We are excited to put a lid (cough cough) on this competition and release the winning solutions out to the world. Congratulations to all of our competitors for all their work during the competition, and particularly to our top three finalists who you can meet below!

This challenge ran for two months, and we saw a lot of improvement over that time. Then at the beginning of July, top modelers made predictions for where minor, major, and severe hygiene violations would surface for the next 6 weeks. Over that time, we compared their predictions with what public health inspectors actually found when they went into restaurants! At the end of the evaluation period, we saw which teams had developed the most accurate predictions.

You can read about how they made their models below. We've already seen some exciting follow-up, including an article in the Washington Post. Check it out:

"Using the winning algorithm, [Harvard researcher Mike] Luca says, Boston could catch the same number of health violations with 40 percent fewer inspections, simply by better targeting city resources at what appear to be dirty-kitchen hotspots. The city of Boston is now considering ways to use such a model."

Way to go DrivenDatistas! If you're geared up to work on more data challenges, check out our competitions page for the latest. For the data used in Keeping it Fresh, check out this competition's open data page. Thanks for all your submissions and keep up the good work!


Meet the winners!

1st Place

Name: Liliana Medina

Home base: St. Ives, England

Background: My name is Liliana Medina, I'm a Portuguese citizen currently living and working in Cambridge, UK. I am presently a data scientist for ForecastThis, where I've been involved in the development of a machine-learning-as-a-service platform, DSX, and also in financial forecasting, web traffic fraud detection and text analysis related projects. Before this I was a data and text mining specialist for 365Media. I have an MSc in Electrical and Computer Engineering, and my thesis work was focused on pattern detection in electrophysiological signals, using unsupervised learning methods. I'm going back to college soon, as I have recently enrolled in an Astronomy certification programme at the University of Cambridge's Institute of Continuing Education.

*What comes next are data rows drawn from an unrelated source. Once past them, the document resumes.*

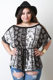 This cute plus size top features a cold shoulder design, boat neckline, spaghetti straps, woven fabrication, multi color floral print pattern, contrast trim and string tie belt, dolman half sleeve, boxy fit, with a rounded high low hem. Accessories sold separately. 100% Rayon.
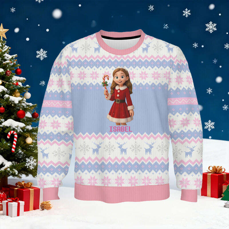 Suéter feo personalizado para niños, unisex, con foto personalizada, diseño morado elegante, regalo de Navidad para niñas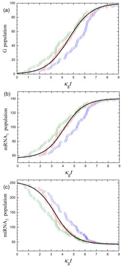The steady-state dependence of the mRNA, miRNA, and miRNA populations, , , and , on the G population, , predicted by (19), with the chosen values of the kinetic parameters is shown in Figure 1. The temporal mean-field kinetics under consideration; or more specifically, the mRNA, miRNA, miRNA, and G populations calculated according to Equations (19) and (20) as a function of are exhibited in Figure 2.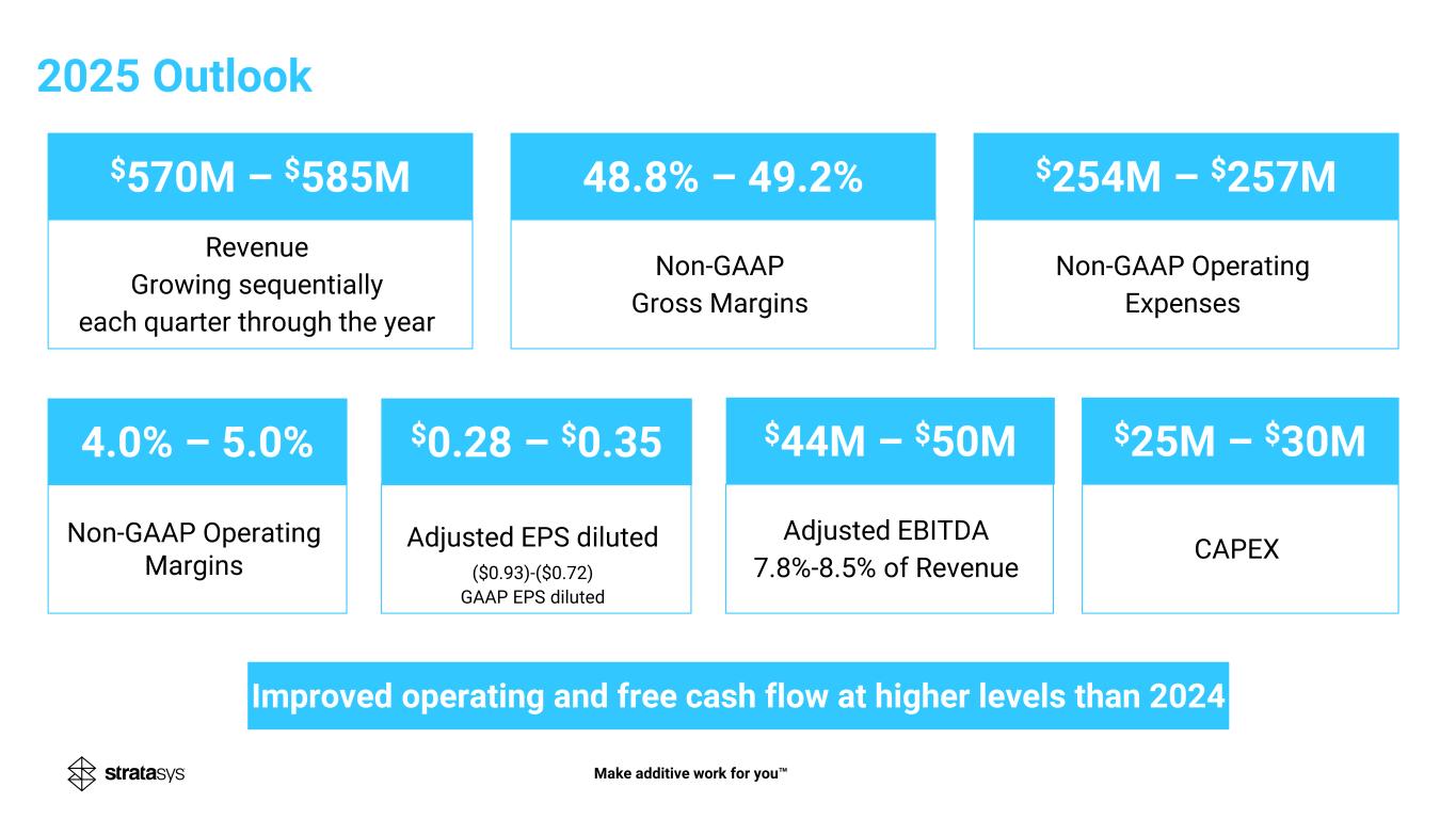 Revenue Growing sequentially each quarter through the year Non-GAAP Gross Margins Non-GAAP Operating Expenses Non-GAAP Operating Margins Adjusted EPS diluted ($0.93)-($0.72) GAAP EPS diluted CAPEX Adjusted EBITDA 7.8%-8.5% of Revenue $570M – $585M 48.8% – 49.2% $254M – $257M $25M – $30M$44M – $50M Make additive work for you 2025 Outlook $0.28 – $0.354.0% – 5.0% Improved operating and free cash flow at higher levels than 2024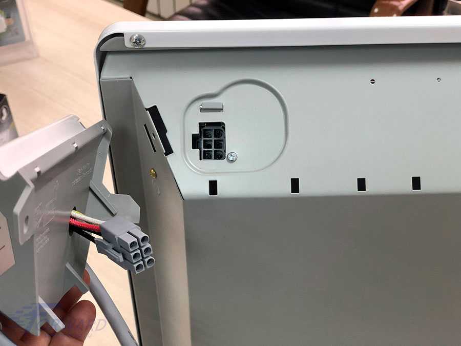 Установка блока управления к модулю происходит через специальный 6-пиновый разъем. При его установке нужно быть немного внимательней, чтобы все необходимые детали попали в нужные отверстия и блок защелкнулся с левой стороны блока управления. Далее можно его закрепить специальным болтом. В целом установка отнимет у вас пол минуты, или даже меньше. Далее мы рассмотрим каждый блок управления, шасси и возможность управлять конвекторов через интернет.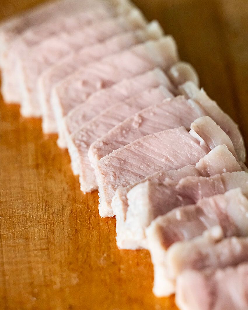 ブライン液に含まれる塩によってポークのタンパク質が分解されて水分が入るうえ、砂糖の浸水性によって水分を逃さずキープ。しっとりジューシィに仕上がる。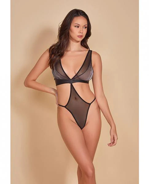 She's A Babe Mixed Media Teddy W/open Sides Black O/s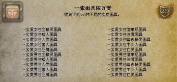 收集下列24种不同的劣质面具。(从原来的20个变成24个)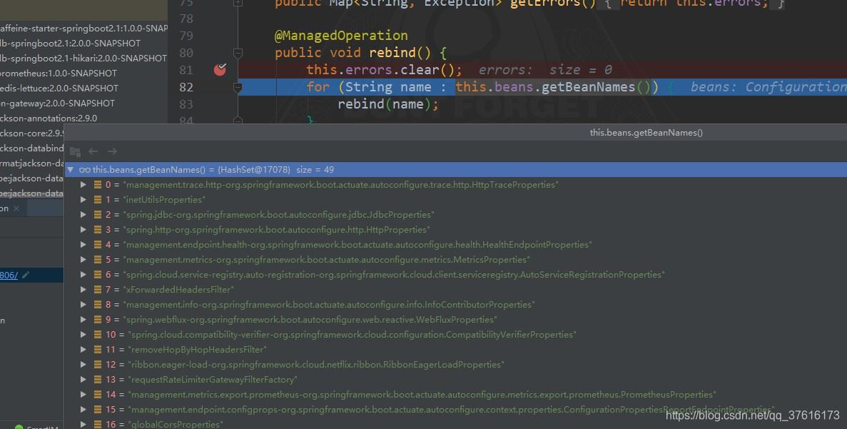 这时会触发ConfigurationPropertiesRebinder的onApplicationEvent方法进而触发rebind方法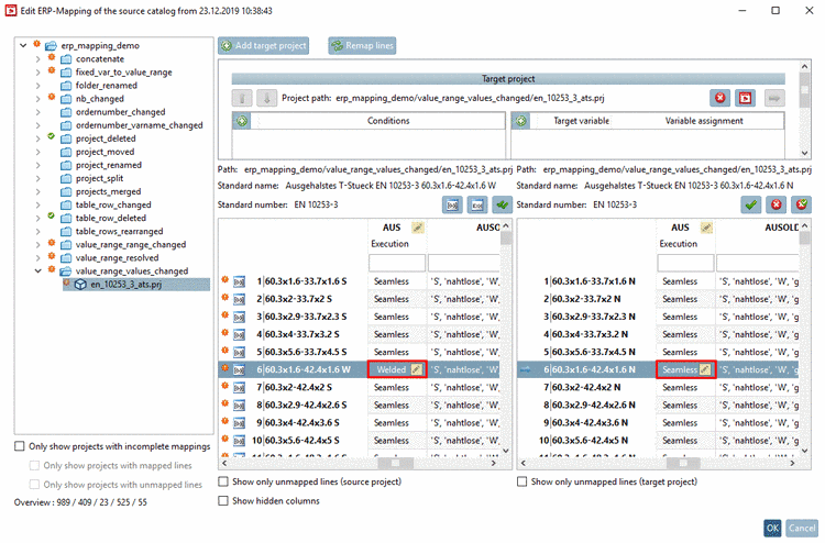 Changed values: 'N', 'nahtlose', 'G', 'geschweisste'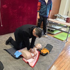 本次课程邀请了上海市爱众应急救助促进中心的老师以理论结合实操的授课方式,讲解心肺复苏(CPR)的步骤要点和自动体外除颤器(AED)的使用规范。

Method overview: Liliana extracted three classes of features: information about a restaurant's history of inspections, metadata about restaurants from Yelp (e.g., the type of cuisine), and data she extracted from the Yelp reviews. Her approach to creating features from the review text involved both sentiment analysis and topic modeling. Ultimately, she combined these features into a model that averaged the predictions of a random forest and gradient boosted decision trees.

2nd Place

Name: Qingchen Wang

Home base: Surrey, Canada

Background: My name is Qingchen Wang, and I have just started as a PhD student in data science at the University of Amsterdam. I've also just started work as a consultant at ORTEC.

Method overview: Qingchen focused on building features about the restaurants based entirely on information about the restaurant inspection history and data from Yelp. He noted that many restaurants don't clean up their act after a failed inspection, so he was able to special-case predictions for these repeat-violators. Combining this inspection history information with Yelp information like the average star rating and number of reviews, he was able to train a random forest model that earned him second place.

3rd Place

Name: Shane Teehan

Home base: Dublin, Ireland

Background: I am an advanced analytics professional with an academic background in Operations Research and about ten years industry experience. I am currently managing a team of data scientists working in the aviation sector.

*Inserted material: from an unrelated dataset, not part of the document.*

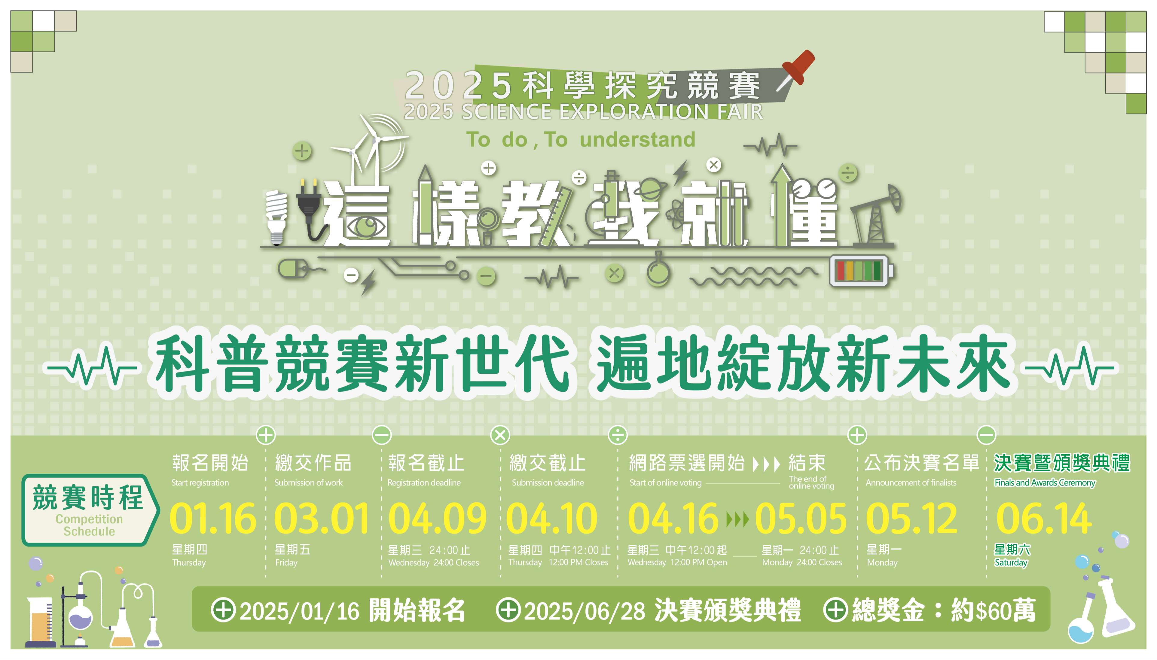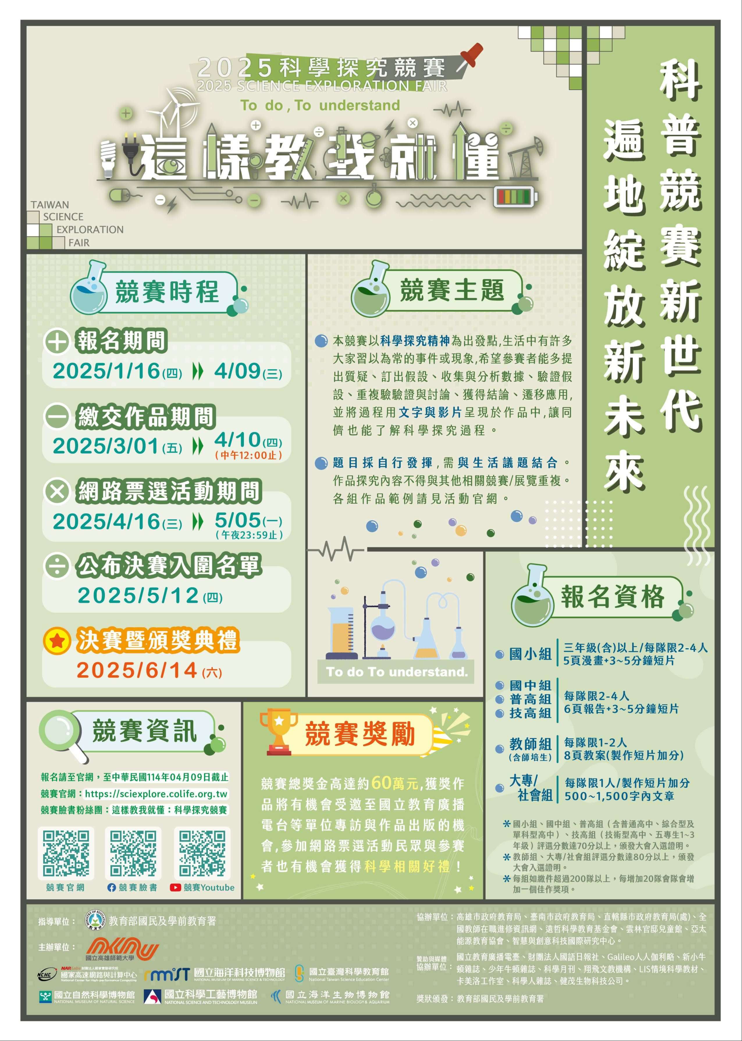 二、檢附競賽文宣海報、時程表及競賽演化歷史圖各1份,詳細說明請參考官網,網址:http://sciexplore.colife.org.tw/。

Method overview: In order to extract the most effective features from the model, Shane normalized the json data dump from Yelp and imported that into a Postgres database. Working in SQL allowed him to quickly explore the dataset and construct complex combinations of features about restaurants, their reviews and Yelp users. Finally, Shane included features about a restaurant's history of violations. He built four models for each target (random forest, extra random trees, gradient boosting machine, l2 logistic regression) and blended the predictions from these models to create his final submission.